**DATA PROVIDED**
=== Begin Enclosure ===
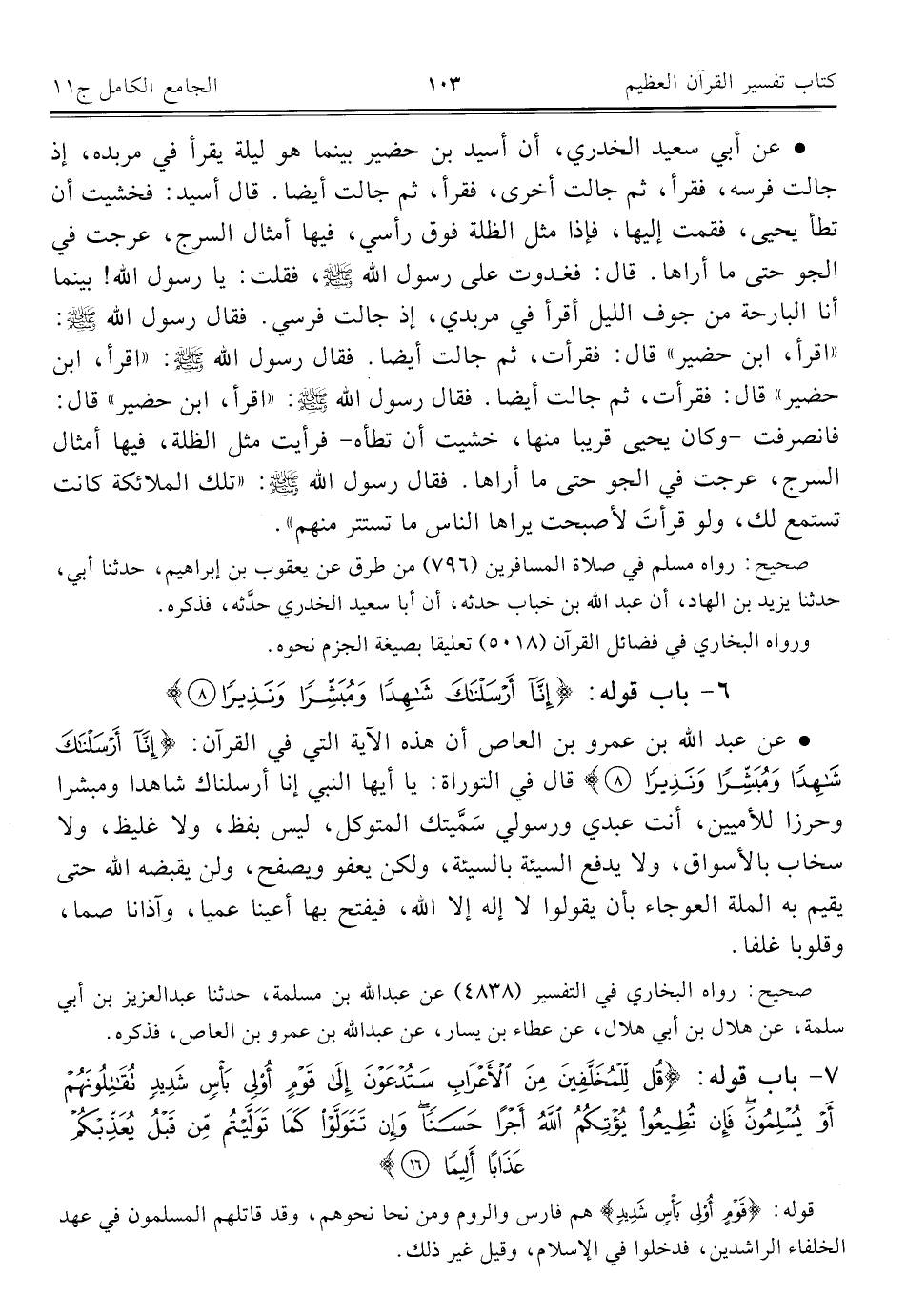 ٦ - باب قوله: {إِنَّا أَرْسَلْنَاكَ شَاهِدًا وَمُبَشِّرًا وَنَذِيرًا (٨)}
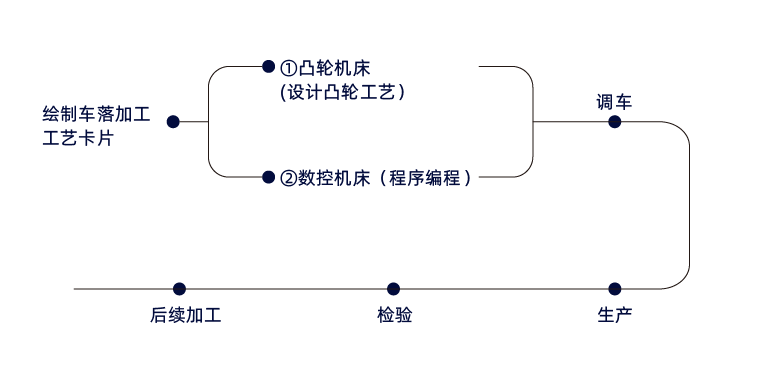 車落零件加工工序第一步需要繪制車落工藝卡片,然后通過(guò)車落工藝圖進(jìn)行凸輪加工工藝(凸輪機(jī)床)的設(shè)計(jì),并將設(shè)計(jì)好的凸輪加工工藝通過(guò)專用的凸輪加工設(shè)備加工制造出來(lái),后續(xù)調(diào)整工通過(guò)加工制造出來(lái)的凸輪來(lái)進(jìn)行設(shè)備的調(diào)整;數(shù)控機(jī)床則需通過(guò)機(jī)床G代碼M指令進(jìn)行編程,通過(guò)編程好的程序進(jìn)行調(diào)車實(shí)現(xiàn)復(fù)雜零件的生產(chǎn)制造。
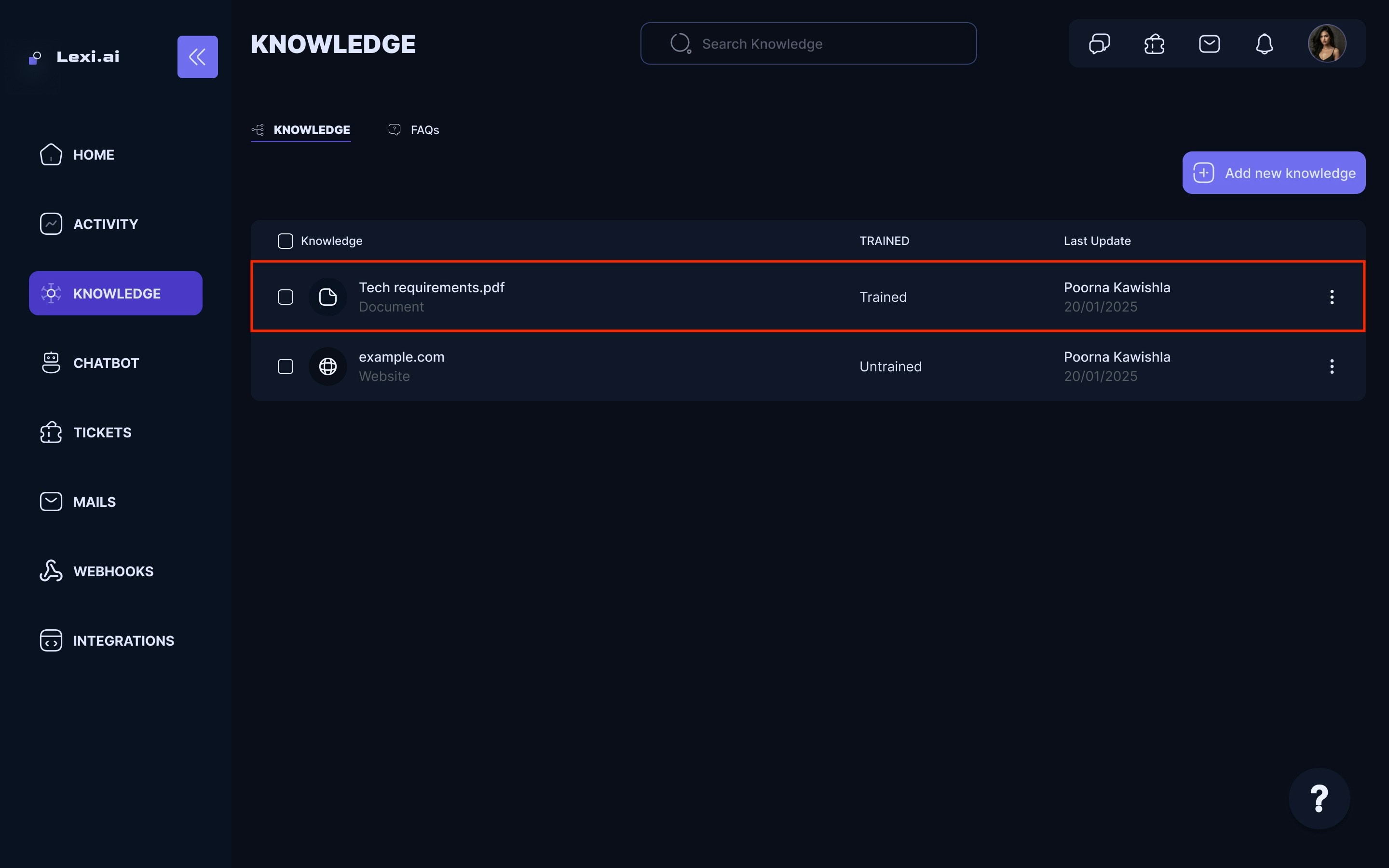 - You can add your knowledge files by clicking the Add a new knowledge.
=== End Enclosure ===
**PROBLEM TO SOLVE**
Without including any pictures, reproduce the listing exactly.

**ANSWER FOR THE TASK**
 ٦ - باب قوله: {إِنَّا أَرْسَلْنَاكَ شَاهِدًا وَمُبَشِّرًا وَنَذِيرًا (٨)}
 車落零件加工工序第一步需要繪制車落工藝卡片,然后通過(guò)車落工藝圖進(jìn)行凸輪加工工藝(凸輪機(jī)床)的設(shè)計(jì),并將設(shè)計(jì)好的凸輪加工工藝通過(guò)專用的凸輪加工設(shè)備加工制造出來(lái),后續(xù)調(diào)整工通過(guò)加工制造出來(lái)的凸輪來(lái)進(jìn)行設(shè)備的調(diào)整;數(shù)控機(jī)床則需通過(guò)機(jī)床G代碼M指令進(jìn)行編程,通過(guò)編程好的程序進(jìn)行調(diào)車實(shí)現(xiàn)復(fù)雜零件的生產(chǎn)制造。
 - You can add your knowledge files by clicking the Add a new knowledge.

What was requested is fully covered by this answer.